MSP (Managed Service Provider): a company that manages IT infrastructure for multiple client organizations from a centralized platform, typically with privileged remote access to all client systems. Supply chain risk: compromising one MSP grants authenticated access to all of its customer networks simultaneously. A single breach can expose dozens or hundreds of separate organizations β€” extraordinary attack leverage. Attackers specifically target MSPs for this reason. Customers of an MSP inherit the MSP's security weaknesses; vendor risk management and least-privilege access for MSP accounts are essential controls.
What is a "Hacker on a Chip" (HID Attack)?
A HID (Human Interface Device) attack uses a USB device that emulates a keyboard rather than a storage drive. The operating system grants keyboards immediate, trusted input access β€” no authentication required. When plugged in, the device automatically types a pre-programmed attack sequence at machine speed (hundreds of characters per second): opening a terminal, downloading malware, creating backdoor accounts, or exfiltrating files β€” all in seconds.
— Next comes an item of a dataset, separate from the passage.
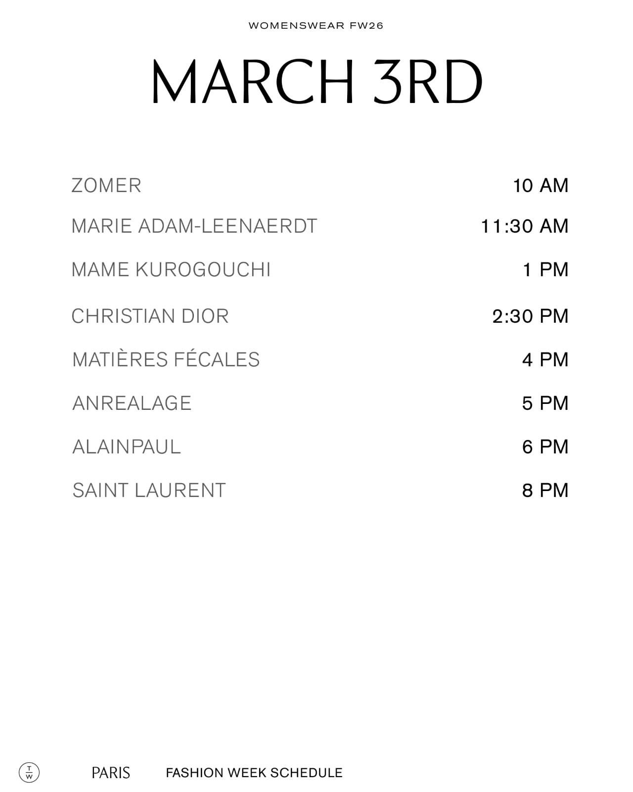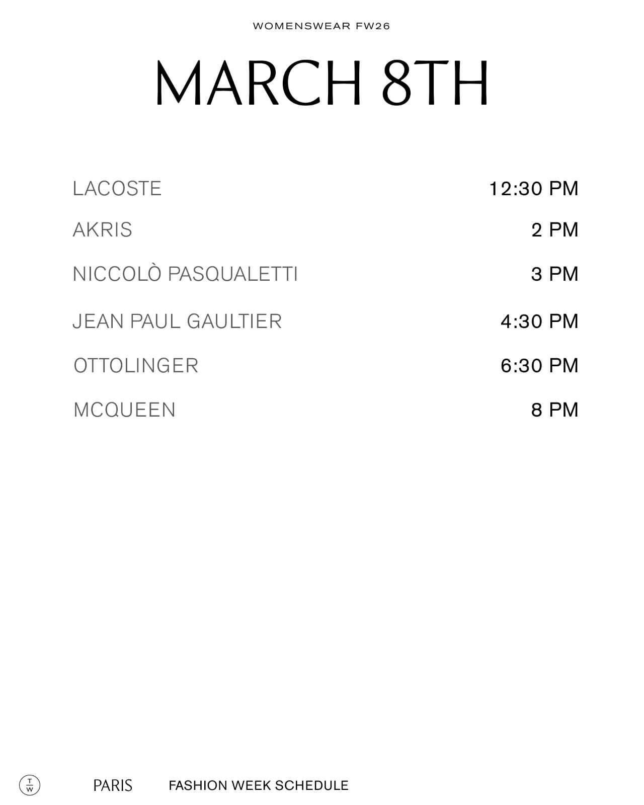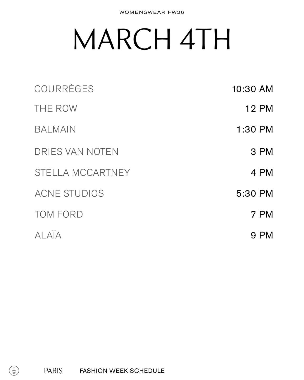 2026秋冬巴黎时装周时刻表时装周巴黎时装周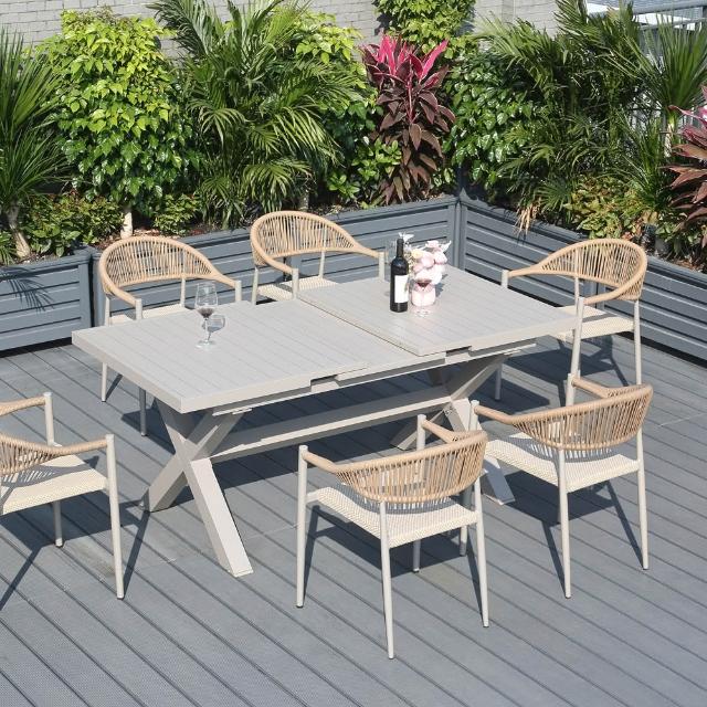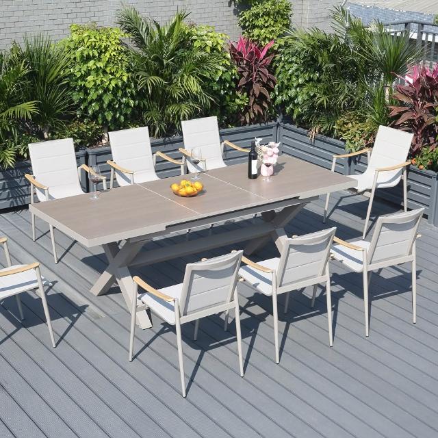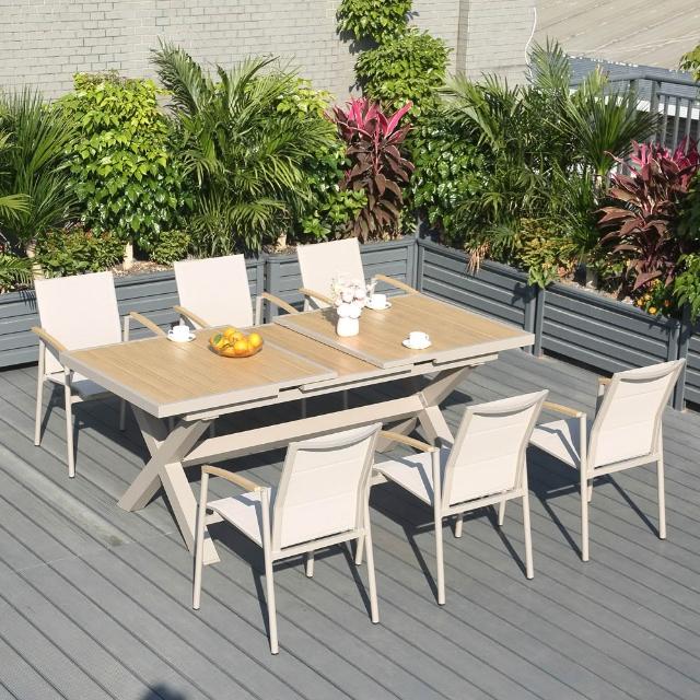免運戶外可調式拉伸餐桌 多款桌面 塑木/鋁合金/岩板風格 現代商用設計家具 頂樓露臺空中花園 餐廳民宿飯店適用

The USB Rubber Ducky is the most well-known HID attack tool. Called "Hacker on a Chip" because the complete attack payload is programmed into the device's microcontroller.
Why does more open ports = larger attack surface?
Every open TCP or UDP port represents a service listening for connections. Each service has its own vulnerability history, its own configuration, and its own potential for misconfiguration. Every open port that accepts external traffic requires a firewall rule explicitly allowing that traffic β€” and firewall rules accumulate over years, rarely being cleaned up. More services = more attack vectors, more CVEs to track, more configurations to audit, more potential misconfigurations. Minimizing running services (principle of least functionality) directly reduces attack surface. A service that isn't running cannot be exploited.
What is the key lesson from the 2013 Target breach?
Target was breached not through Target's own systems, but through an HVAC vendor (Fazio Mechanical) that had network access for invoice submission and remote monitoring. Attackers compromised Fazio via phishing, used their credentials to enter Target's vendor portal, pivoted to the POS network (inadequate network segmentation), installed memory-scraping malware on point-of-sale terminals across all stores, and stole 40 million credit card numbers. Lesson: granting third-party vendors network access extends your attack surface to include their security posture. Vendor access must be least-privilege, network-segmented, and subject to the same security standards as internal access.